**THE TASK**: Leaving out the pictures, write the following records exactly as they read.
########
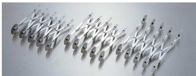
229-04 サーモ フラット5連カッター 68805

※ロール刃の回転がとてスムーズで使いやすくなり、刃間の調節もスムーズで誤差も少なくなりました。
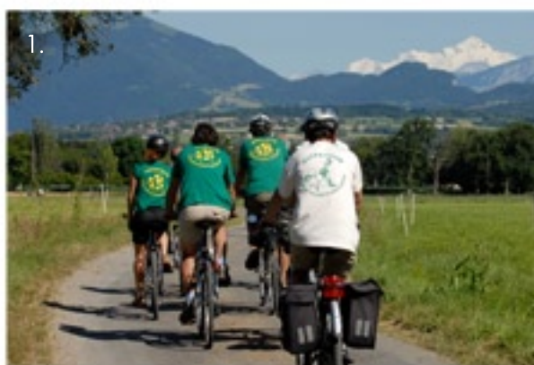
1. et 2. Alter Tour 2011, en Haute-Savoie

Nous devons "Vivre simplement pour que d'autres puissent simplement vivre" (Gandhi).
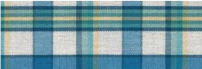
Stoff Nr. 04: bleu, ecru, hellgrün, hellgelb kariert
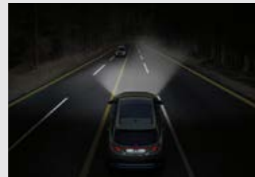
Đèn pha tự động thích ứng (AHB)

Động cơ xăng SmartStream 1.6 T-GDi cùng với hệ dẫn động toàn thời gian HTRAC sản sinh công suất cực đại 180 mã lực tại 5500 vòng/phút và đạt momen xoắn cực đại 265Nm tại 1500 - 4500vòng/phút
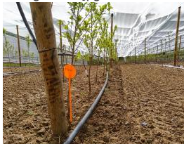
PRUMEL entretien mécanique.jpg
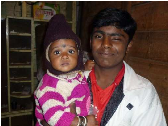
Alwin (mit der kleinen Tochter eines Gemueseverkaeufers auf dem Markt, der uns kurzerhand in seinen Stand bat, um Tee zu trinken und mit seinen Kindern zu spielen.)

kann ich sagen, dass ich bereits jedem der vielen interessanten Buchstaben einen Laut zuordnen kann und mich nun darin uebe, sie zu Woertern zusammenzusetzen. Mit Freude uebe ich daneben das Malen, aeh... Schreiben der neuartigen Zeichen. Als Ergebnis der bisherigen Stunden kann ich Gespraechе von bis zu drei Saetzen Laenge fuehren – deren Aufbau (und Inhalt) sich zwar auffallend oft aehneln, aber naja. (Die Kunst besteht einfach darin, mir oft genug neue Gespraechspartner zu suchen! ☺) Ausserdem kann ich verschiedene Begriffe und Wendungen des taeglichen Lebens gebrauchen: Baum, Blume, Regen, Sonne, ... ‚Ich esse‘, ‚Ich werde essen‘, ‚Ich habe gegessen‘, ... ‚Erzaehl mir von deiner Familie‘ usw. Und ich koennte – um ein rein zufaelliges Beispiel zu waehlen – eine Ratte mit ihrem korrekten tamilischen Namen ansprechen. (Das kann nie schaden.) Kurzum, es geht voran.
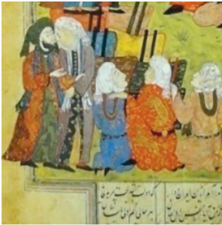
(تصویر ۷) بخشی از تصویر ۵

(تصویر ۷) این نگاره با توجه به اشعاری که در حاشیه بالایی و پایینی آن به‌ویژه با حدیث ولایت «من كنت مولاه فهذا...» و حکم الهی کتابت‌شده، تناسب دارد. این تصویر علاوه بر نمایش ماجرای غدیر خم، مبین نص الهی درباره جانشینی حضرت علی (علیه السلام) است. در این نگاره با توجه به پرسپکتیو مقامی حضرت رسول ﷺ و امیرالمومنین علی (علیه السلام) نسبت به دیگران بالاتر ترسیم شده‌اند که نشانه جایگاه و مقام والای ایشان است.
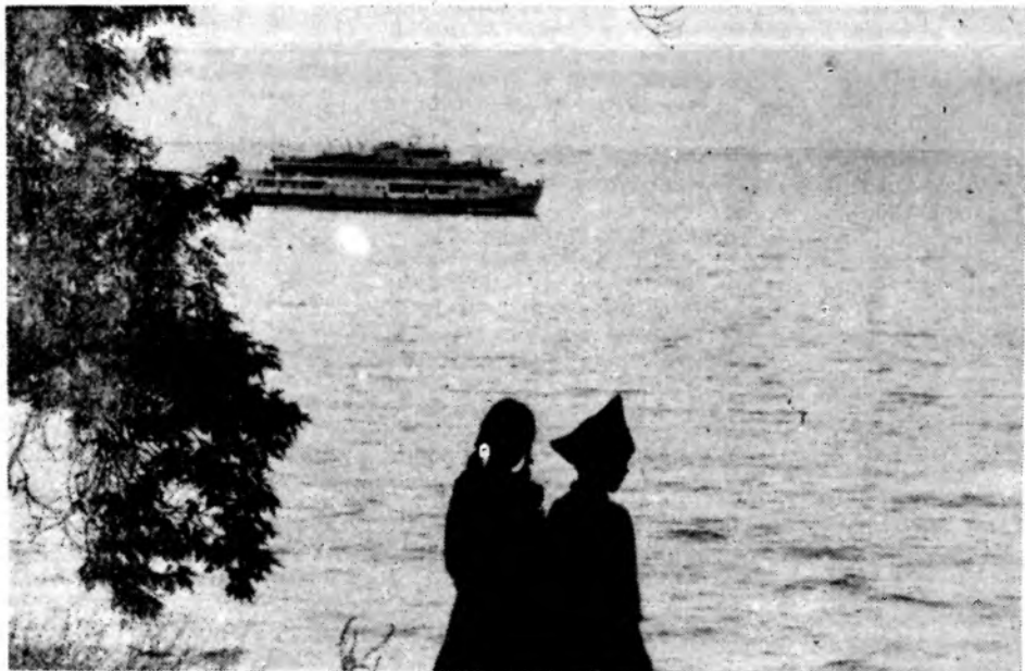
У моря Цимлянского.
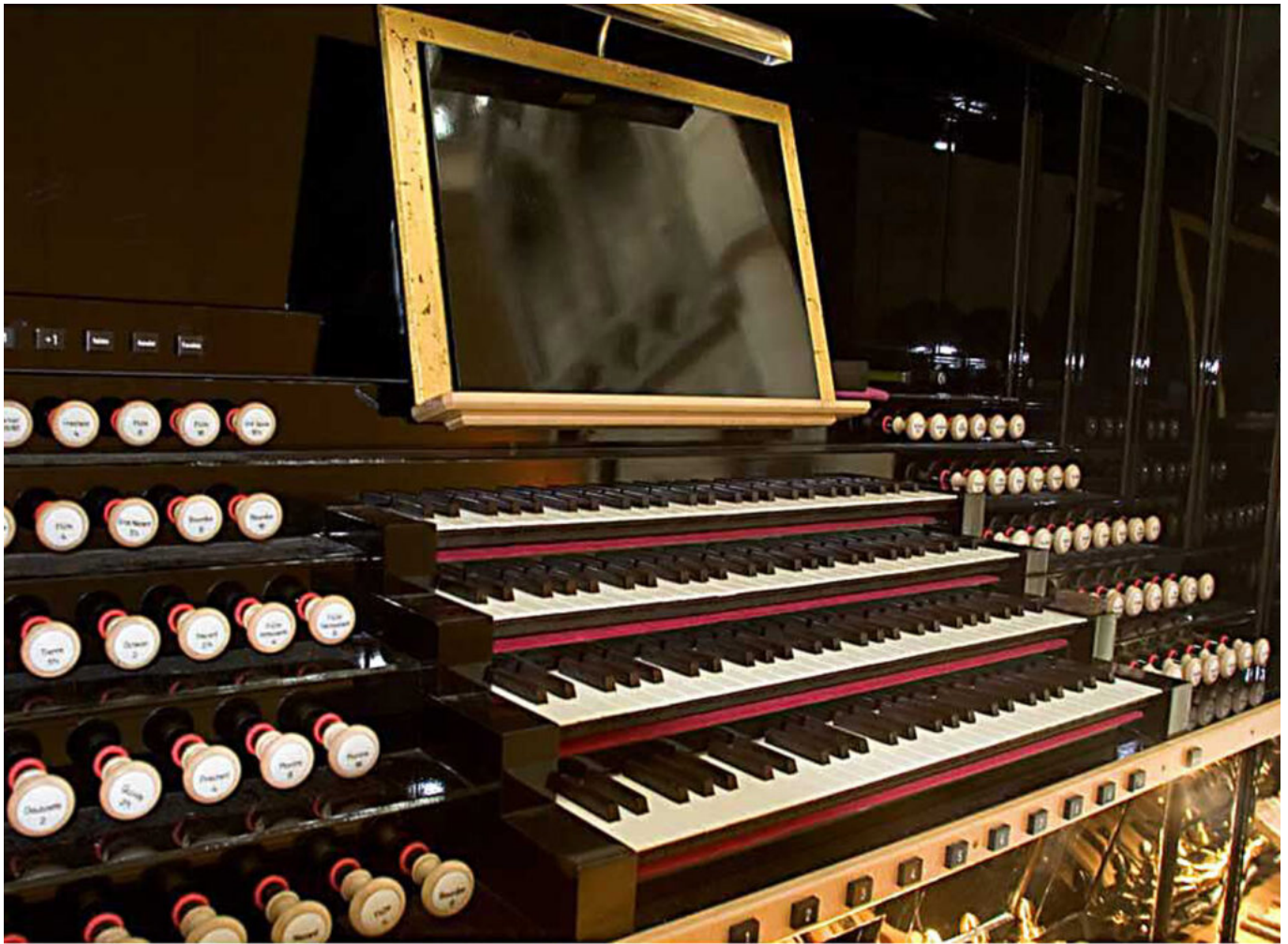
Console de l'orgue d'Evreux
########
**COMPLETED EXERCISE**:
229-04 サーモ フラット5連カッター 68805

※ロール刃の回転がとてスムーズで使いやすくなり、刃間の調節もスムーズで誤差も少なくなりました。
1. et 2. Alter Tour 2011, en Haute-Savoie

Nous devons "Vivre simplement pour que d'autres puissent simplement vivre" (Gandhi).
Stoff Nr. 04: bleu, ecru, hellgrün, hellgelb kariert
Đèn pha tự động thích ứng (AHB)

Động cơ xăng SmartStream 1.6 T-GDi cùng với hệ dẫn động toàn thời gian HTRAC sản sinh công suất cực đại 180 mã lực tại 5500 vòng/phút và đạt momen xoắn cực đại 265Nm tại 1500 - 4500vòng/phút
PRUMEL entretien mécanique.jpg
Alwin (mit der kleinen Tochter eines Gemueseverkaeufers auf dem Markt, der uns kurzerhand in seinen Stand bat, um Tee zu trinken und mit seinen Kindern zu spielen.)

kann ich sagen, dass ich bereits jedem der vielen interessanten Buchstaben einen Laut zuordnen kann und mich nun darin uebe, sie zu Woertern zusammenzusetzen. Mit Freude uebe ich daneben das Malen, aeh... Schreiben der neuartigen Zeichen. Als Ergebnis der bisherigen Stunden kann ich Gespraechе von bis zu drei Saetzen Laenge fuehren – deren Aufbau (und Inhalt) sich zwar auffallend oft aehneln, aber naja. (Die Kunst besteht einfach darin, mir oft genug neue Gespraechspartner zu suchen! ☺) Ausserdem kann ich verschiedene Begriffe und Wendungen des taeglichen Lebens gebrauchen: Baum, Blume, Regen, Sonne, ... ‚Ich esse‘, ‚Ich werde essen‘, ‚Ich habe gegessen‘, ... ‚Erzaehl mir von deiner Familie‘ usw. Und ich koennte – um ein rein zufaelliges Beispiel zu waehlen – eine Ratte mit ihrem korrekten tamilischen Namen ansprechen. (Das kann nie schaden.) Kurzum, es geht voran.
(تصویر ۷) بخشی از تصویر ۵

(تصویر ۷) این نگاره با توجه به اشعاری که در حاشیه بالایی و پایینی آن به‌ویژه با حدیث ولایت «من كنت مولاه فهذا...» و حکم الهی کتابت‌شده، تناسب دارد. این تصویر علاوه بر نمایش ماجرای غدیر خم، مبین نص الهی درباره جانشینی حضرت علی (علیه السلام) است. در این نگاره با توجه به پرسپکتیو مقامی حضرت رسول ﷺ و امیرالمومنین علی (علیه السلام) نسبت به دیگران بالاتر ترسیم شده‌اند که نشانه جایگاه و مقام والای ایشان است.
У моря Цимлянского.
Console de l'orgue d'Evreux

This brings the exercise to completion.